Each option has its own use case. The right choice depends less on looks and more on how visitors behave on your site.
What to look at when choosing a form
Keep it simple for the visitor
The more difficult the form feels, the less likely people are to finish it.
In many cases, a short form is enough:
- name;
- phone number, email, or another contact method;
- short message.
Every extra field reduces the chance of submission. It is usually better to get the contact and start the conversation than to collect too much information too early.
Make sure it works well on mobile
A large share of visitors will open your site on a phone. If the form is uncomfortable on mobile, your business can lose leads before they are even submitted.
Check whether it is easy to:
- tap into fields;
- enter a phone number;
- read labels and text;
- submit the form without extra friction.
Use a clear call to action
The submit button matters more than it may seem. Its wording should be clear and match the visitor’s expectation.
For example:
- “Send request”
- “Get consultation”
- “Contact us”
Vague or weak wording tends to perform worse.
Protect the form from spam
If the form is open to everyone, unwanted submissions will eventually appear.
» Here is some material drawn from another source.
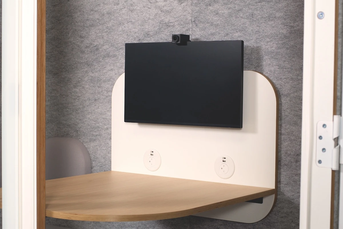 Pour les collaborateurs qui ont besoin de s'isoler plus longtemps — rédaction, analyse, sessions de design — la cabine debout ne suffit pas. Le format assis avec bureau intégré transforme la cabine en véritable poste de travail individuel.
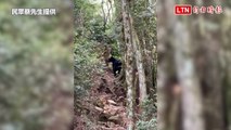 小心熊出沒!登山客鳶嘴稍來山步道健行 巧遇黑熊爬坡(民眾蔡先生提供)

It helps to think about protection early:
- hidden fields for bots;
- limits on repeated submissions;
- checks for suspicious requests.
This is important not only for cleaner data, but also for protecting your team’s time.
Make sure it connects to CRM
This is one of the most important points.
If form data only goes to email, your team goes back to manual handling. If the submission goes straight into CRM, it becomes easier to assign responsibility, track progress, and avoid losing leads.
That is why the choice of a form should not be based only on interface. It should also be based on how well the form fits your sales process.
Common mistakes
When companies add forms to their websites, the same mistakes appear again and again.
Too many fields. The form starts to look like a questionnaire, and more visitors drop off before submitting.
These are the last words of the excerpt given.